Securing Against Denial of Service Attacks
Methods that perform updates or large search operations can reduce the responsiveness of your membership data source if called concurrently by a number of clients. To reduce exposure to a denial of service attack, restrict access to ASP.NET pages that use methods that perform database updates or searches to administrative users, and expose only ASP.NET pages that provide validation and password management for general use.
Error Messages and Events
To prevent sensitive information from being exposed to unwanted sources, configure your application either to not display detailed error messages or to display detailed error messages only when the client is the Web server itself.
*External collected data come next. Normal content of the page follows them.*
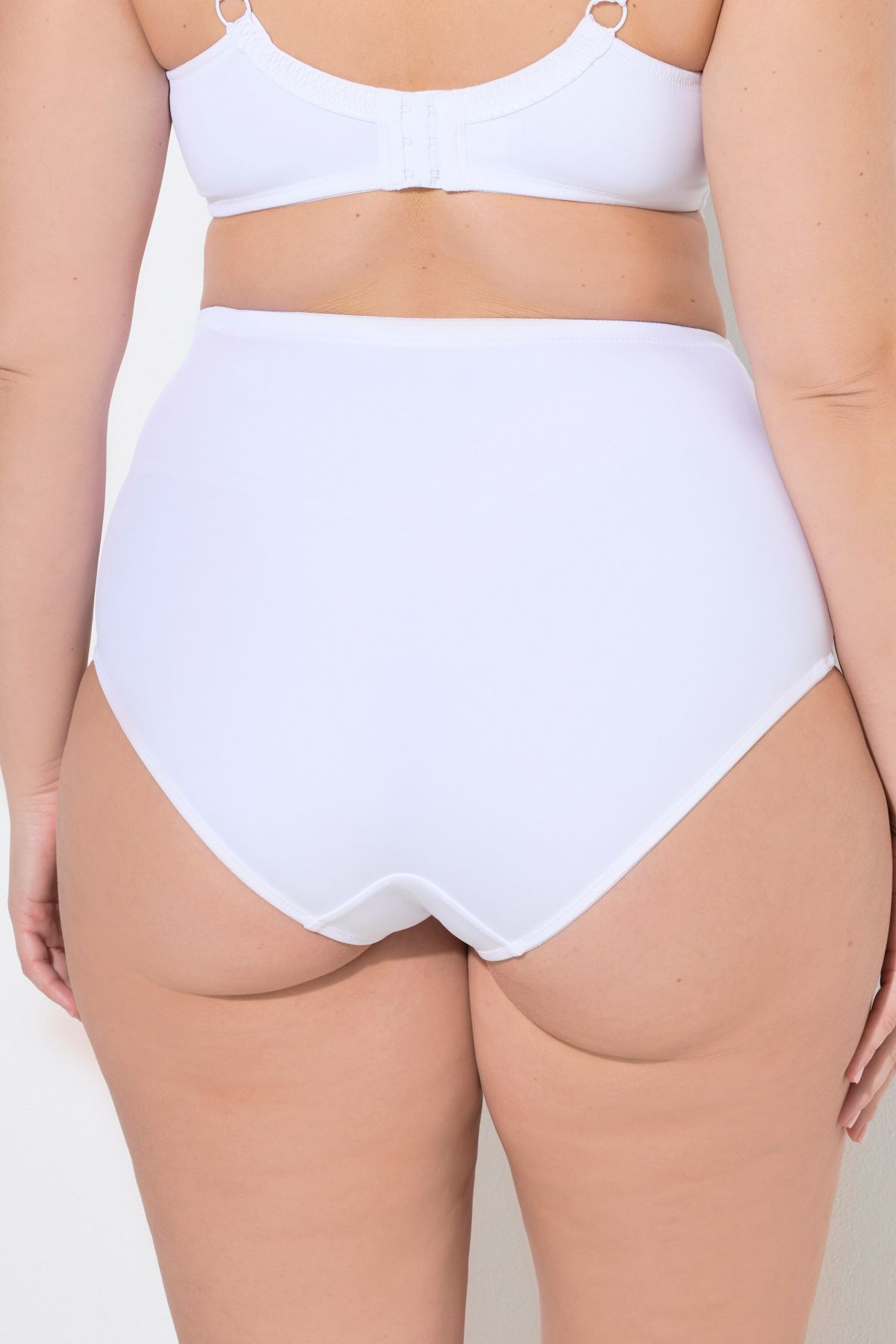 Culotte gainante, taille haute, à fine dentelle jacquard. Sculpte le corps de façon invisible.
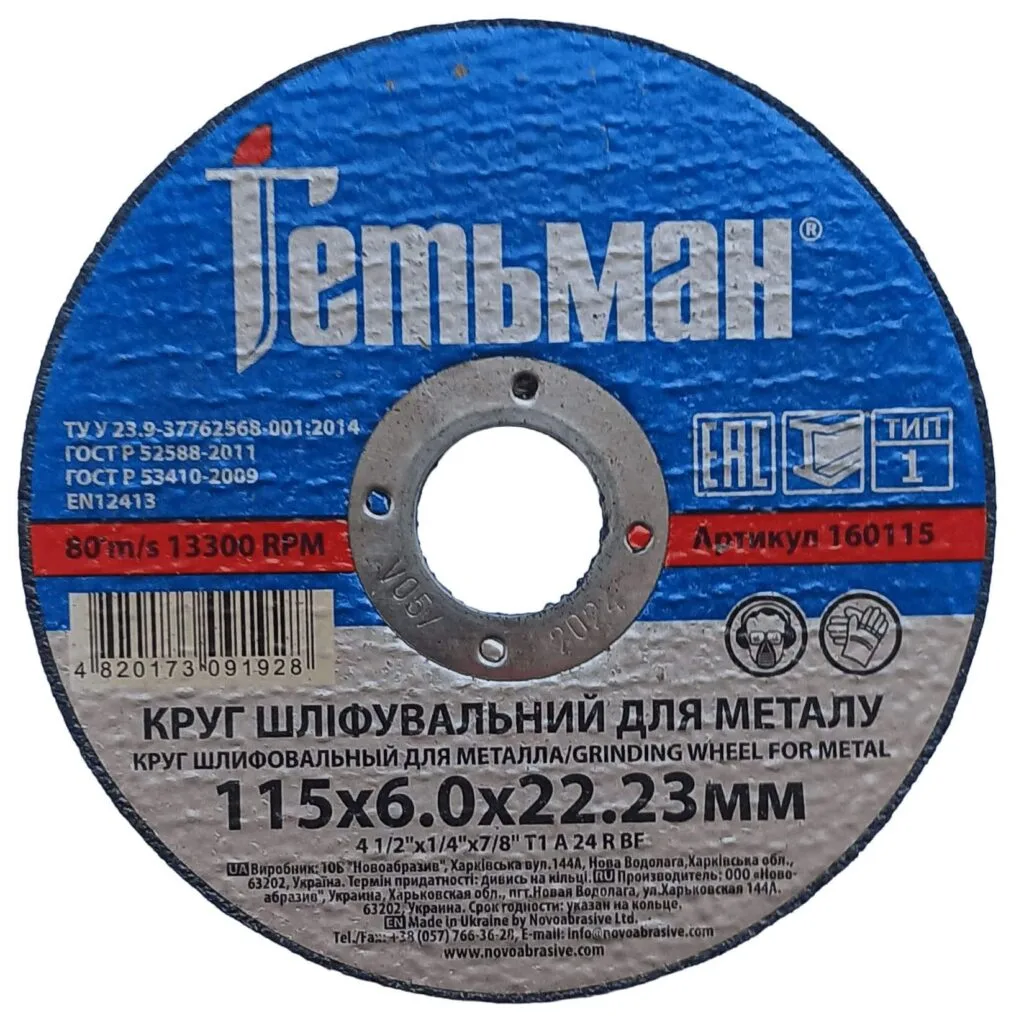Muela abrasiva Getman 1 115x6,0x22,23 mm para metal - Muelas abrasivas profesionales de 115 mm × 6 mm × rellano de 22,23 mm. Diseñadas para desbaste, desbaste, desbarbado y procesamiento de soldaduras en materiales como acero inoxidable, acero, fundición y aluminio. Ampliamente utilizadas en las siguientes industrias: metalurgia, construcción, automoción y producción de tuberías. Serie estándar: una solución fiable para trabajos de desbaste domésticos y ocasionales. Precio asequible, manteniendo la seguridad y la calidad. El grano abrasivo de óxido de aluminio proporciona un alto rendimiento y un desgaste uniforme. Velocidad admisible de hasta 13300 rpm: trabajo seguro en amoladoras angulares estándar. Certificado por MPA Hannover (Alemania): confirmación independiente de seguridad y calidad según la norma EN 12413.
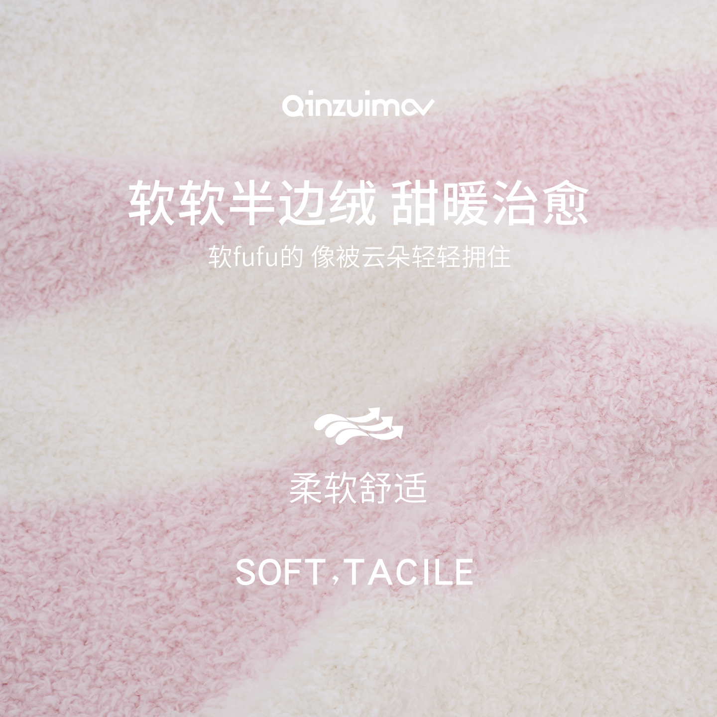 秋冬季 半边绒可外穿连帽少女可爱睡衣家居服套装 粉红豹 亲嘴猫

For more information, see customErrors Element (ASP.NET Settings Schema).
If your server is running Windows Server 2003, you can improve the security of your application by securing the event log, and by setting parameters regarding the size, retention, and so on of the event log to prevent an indirect denial of service attack against it.
Successful and failed logon attempts are logged using the ASP.NET health-monitoring feature. In the default configuration, this means failed login attempts will record user-name and other diagnostic information in the Application event log. Ensure that access to the event log is restricted to keep this information private.
Custom Membership Providers
When creating a custom membership provider, ensure that you follow security best practices to avoid attacks such as SQL-injection attacks when working with a database. When making use of a custom membership provider, ensure that the provider has been reviewed for security best practices.
Working with Culture-Sensitive Characters
When using the SQL Server membership provider or a custom membership provider, your data source might be configured to store membership data in a culture sensitive format. However, ASP.NET evaluates user names from the authorization configuration element and user names from the membership data store as culture invariant. As a result, an unauthorized user could be granted authorization because when the user name is treated as culture invariant, it is the same as the name of an authorized user.
To avoid users gaining unauthorized access, ensure that user names are unique when evaluated as culture invariant. Alternatively, you can specify only role names for authorization using the authorization configuration element and then ensure that role names are unique when evaluated as culture invariant. Specifying authorization using role names is often preferred, because creating and managing roles can be restricted as an administrative function.